= Beginning of Section =

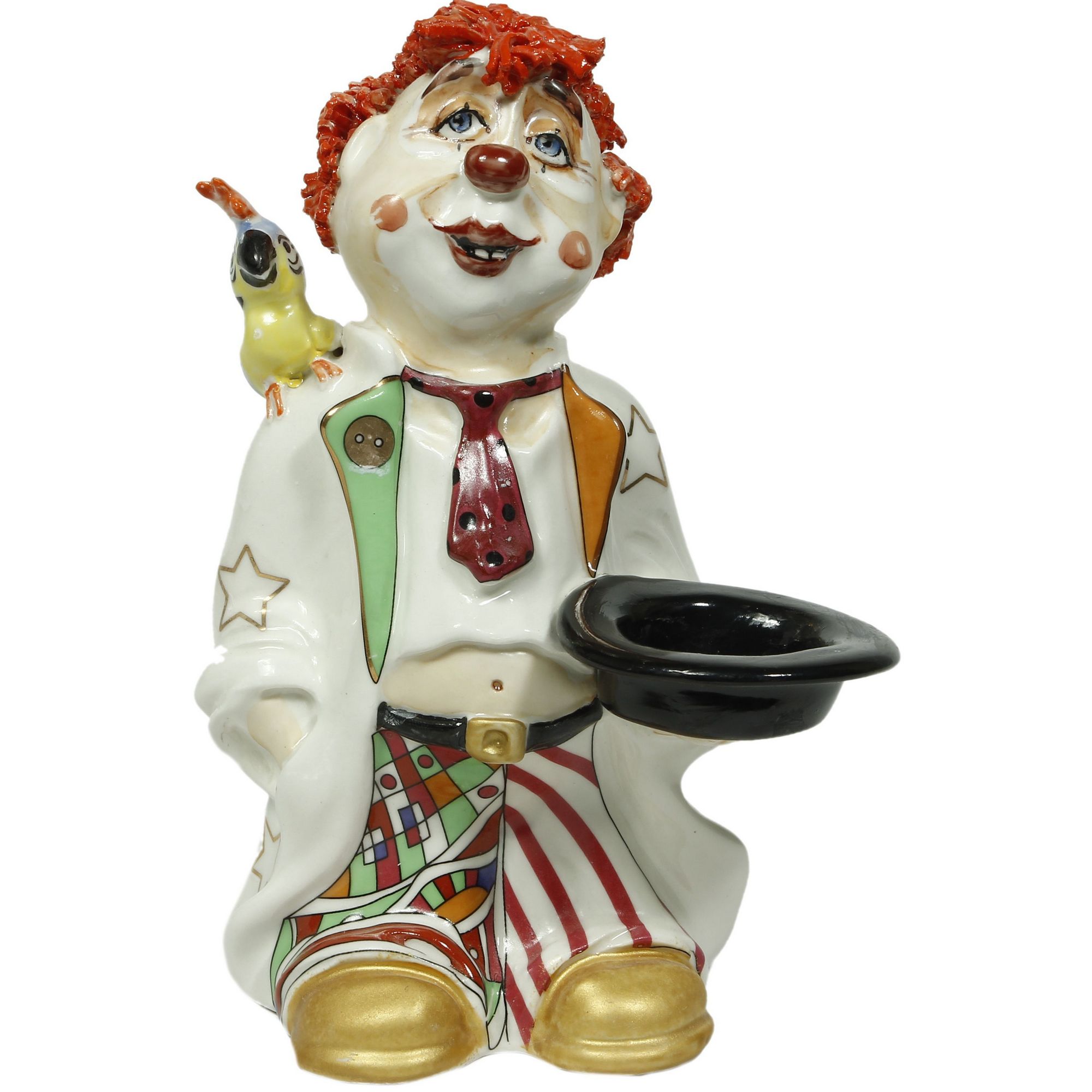 Скульптура из фарфора "Клоун с попугаем"
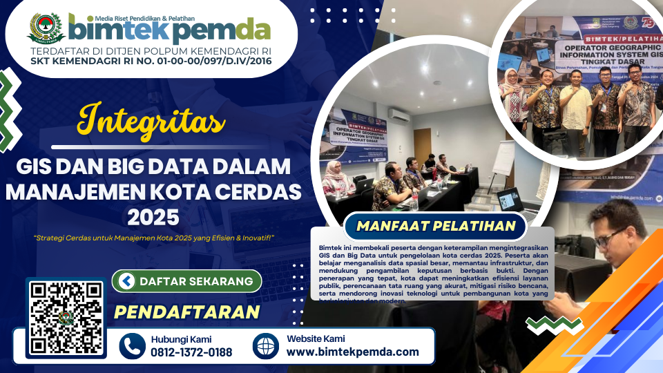 11 Sep Bimtek Pemda Integrasi GIS dan Big Data dalam Manajemen Kota Cerdas 2025 Ditulis oleh Pusat Diklat Pemerintahan 11/09/2025 Lanjutkan membaca
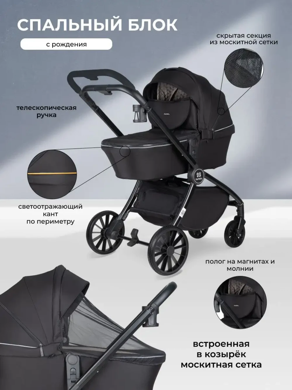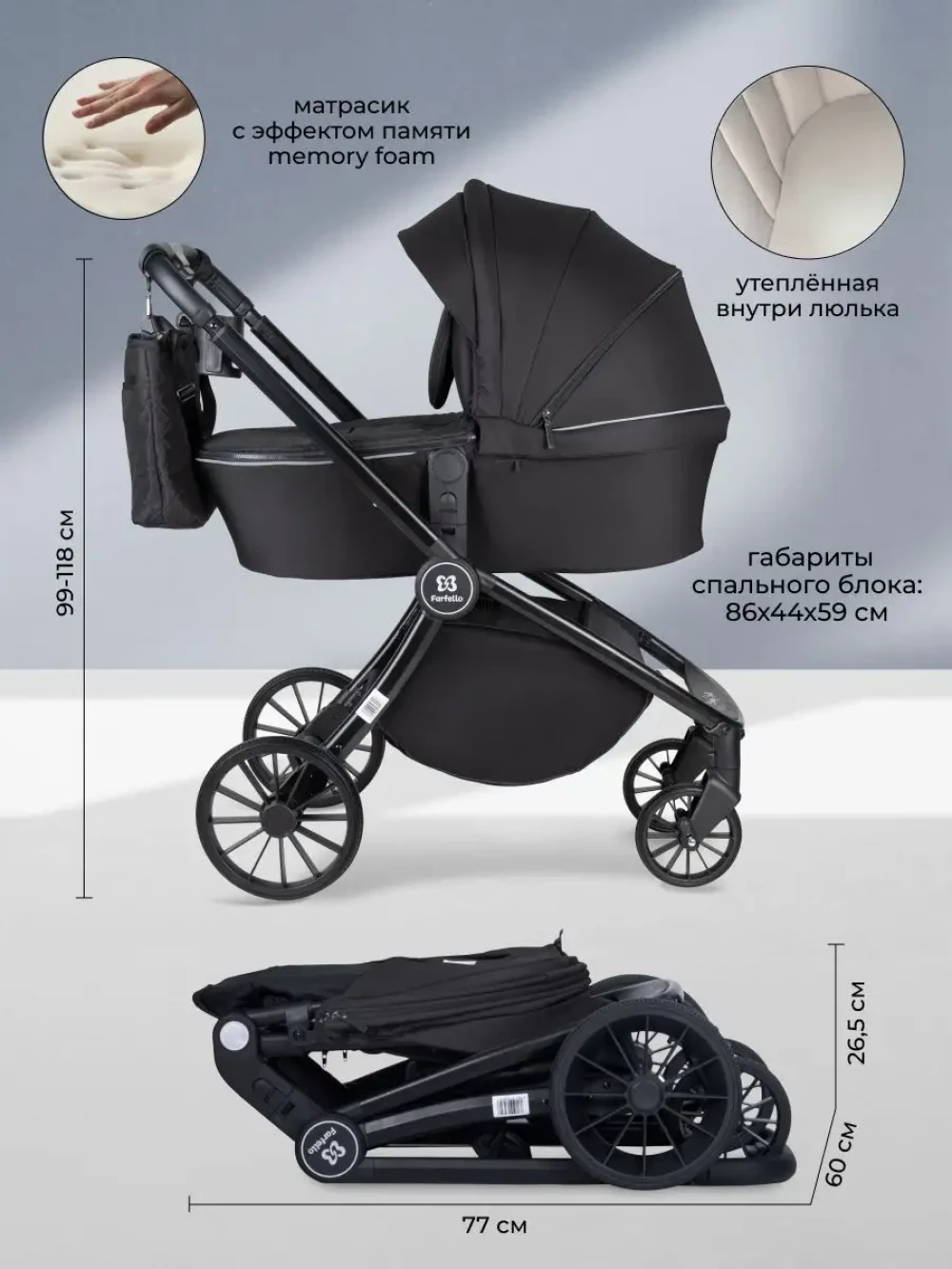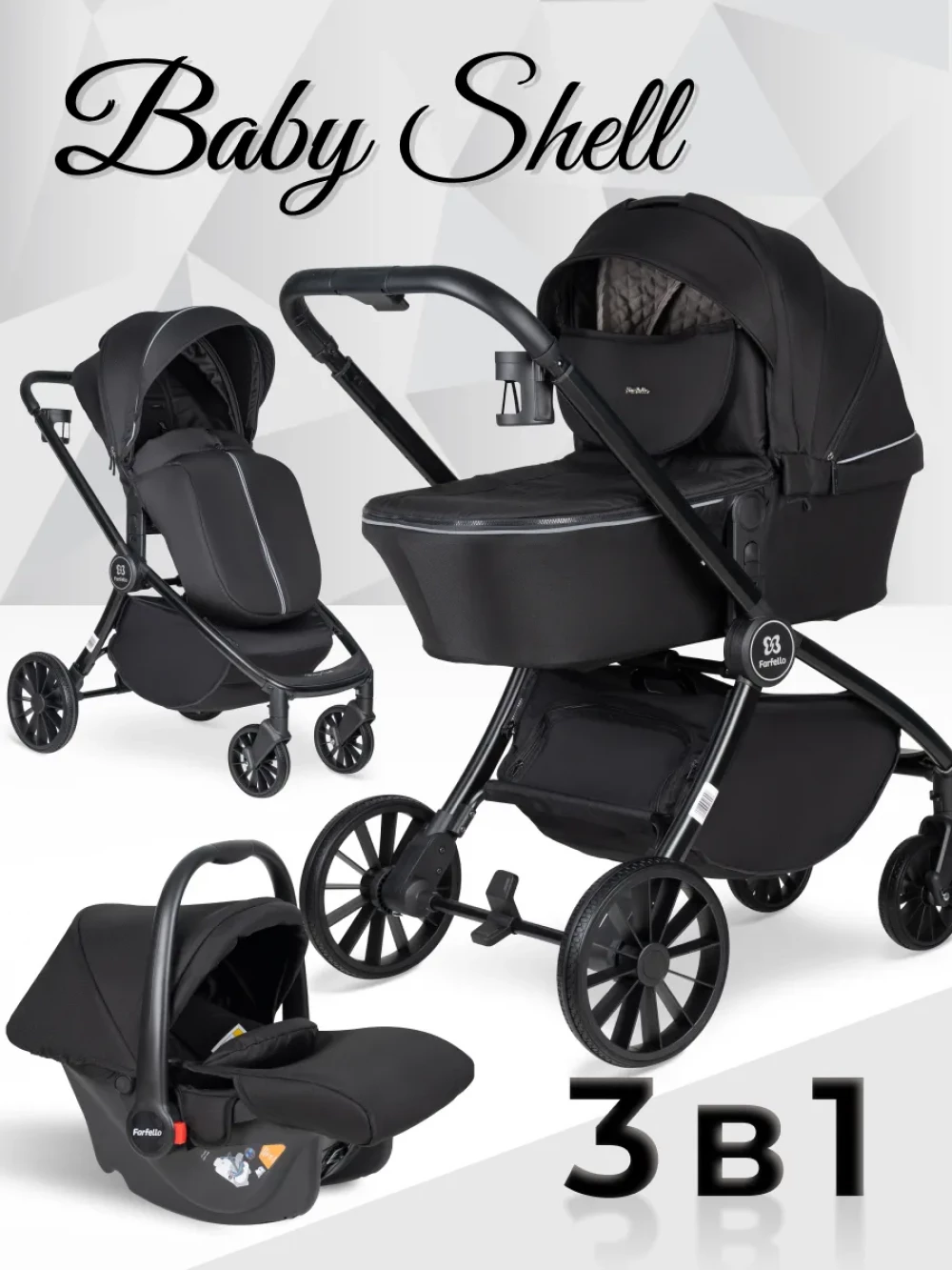 Коляска 3 в 1 Farfello Baby Shell Black ч/р
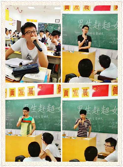 2017年5月15日 下午,陽光不燥,微風正好。南昌現代外國語學校(象湖校區) 八年級(5)班的同學們正熱火朝天地討論著什么。原來是他們班“男生趕超女生”活動啟動宣誓儀式正式開始啦。
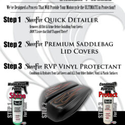 • Personalization: Available in various designs and colors, ShoreFire Premium Saddlebag Lid Covers allow for personalization to match the bike’s accents.
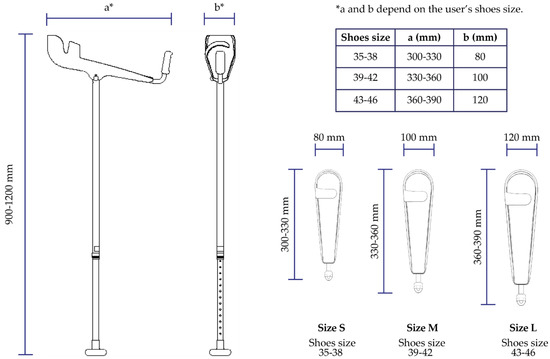 As for the dimensioning, the rod has a height adjustment between 900 mm and 1200 mm, while the support has three different sizes (S, M, L)—which differ in width—for each of which is possible a further adjustment of the length of the handle. For each size, there is a range of measures based on the individual’s shoe size (the length of the foot corresponds to the length of the forearm), Figure 8.
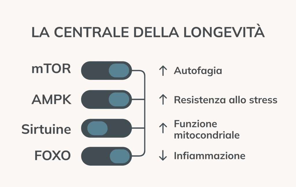 Si tratta di circuiti biologici conservati dall’evoluzione, che regolano le risposte cellulari allo stress, la gestione dell’energia e i processi di manutenzione e riparazione.
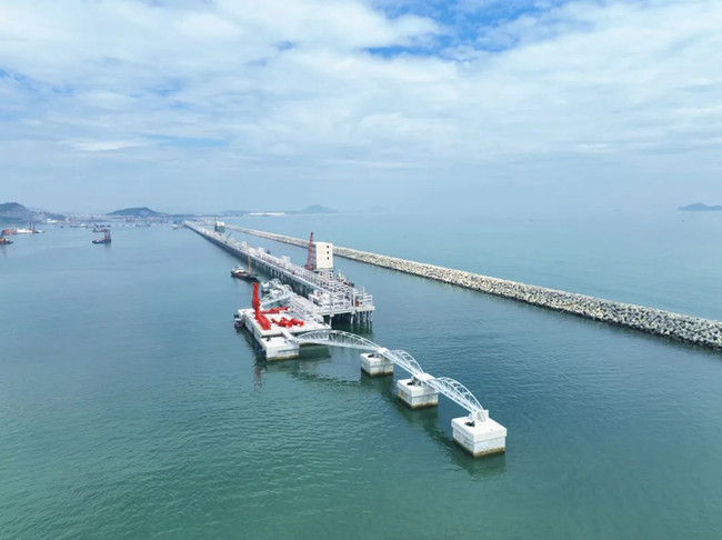 實(shí)干興港,把藍(lán)圖轉(zhuǎn)化為實(shí)景圖。百年前,博賀港因優(yōu)良的深水條件,孫中山在《建國方略》中將其列入九大商港之一。在這乘風(fēng)破浪、跨越發(fā)展的十年里,茂名港博賀新港區(qū)規(guī)劃建設(shè)的33個碼頭泊位逐步付諸建設(shè),2012年12月,博賀新港區(qū)在荒灘曠野中正式動工,2018年以來東、西防波堤、博賀灣大道、博賀灣大橋、粵西LNG填海造陸、土地一級開發(fā)等項目陸續(xù)建成,推動的茂名港博賀新港區(qū)10萬噸級通用碼頭于2019年3月正式開港運(yùn)營。當(dāng)前,集團(tuán)正圍繞茂名港口岸擴(kuò)大開放工作部署,全力推進(jìn)10萬噸級成品油碼頭、5萬噸級化工碼頭、81萬m3化工倉儲項目建設(shè),預(yù)計年底前全面建成,茂名港博賀新港區(qū)港口吞吐能力將由1600萬噸/年增長至超3000萬噸/年,區(qū)域性重要港口地位凸顯。
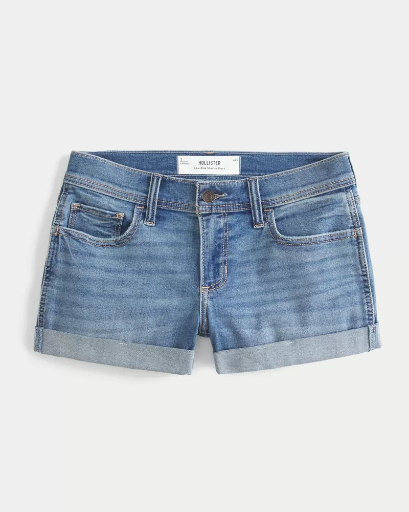 Low-Rise Medium Wash Denim Shortie Shorts
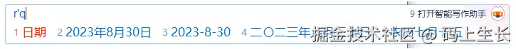 使用搜狗输入法,在中文模式下,输入 rq ,则会自动显示日期格式 年月日 ,如下所示:
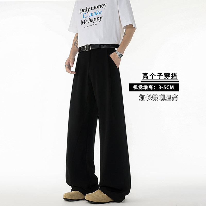 加长西裤男士高个子春秋冬季厚款加绒青少年垂感阔腿微喇裤子黑色
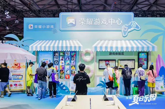 荣耀游戏中心同样也为现场的广大游戏爱好者精心准备了丰富的权益福利,陪伴玩家快速成长;接入DeepSeek大模型的游戏管家,让用户可以一站式沉浸畅玩,性能数据一目了然;还有全新上线的小游戏APP,海量小游戏即点即玩,丰富的游戏品类让玩家们尽情享受其中的乐趣。每一处细节都精准戳中年轻人的兴趣点,让科技展台变身成为充满乐趣的沉浸式体验空间。

= End of Section =

▶ [Task to carry out]
Could you set down, exactly as written, every line from the one with "加长西裤男士高个子春秋冬季厚款加绒青少年垂感阔腿微喇裤子黑色" to the end of the data, both ends included? Leave out the pictures.

▶ [Answer to this problem]
 加长西裤男士高个子春秋冬季厚款加绒青少年垂感阔腿微喇裤子黑色
 荣耀游戏中心同样也为现场的广大游戏爱好者精心准备了丰富的权益福利,陪伴玩家快速成长;接入DeepSeek大模型的游戏管家,让用户可以一站式沉浸畅玩,性能数据一目了然;还有全新上线的小游戏APP,海量小游戏即点即玩,丰富的游戏品类让玩家们尽情享受其中的乐趣。每一处细节都精准戳中年轻人的兴趣点,让科技展台变身成为充满乐趣的沉浸式体验空间。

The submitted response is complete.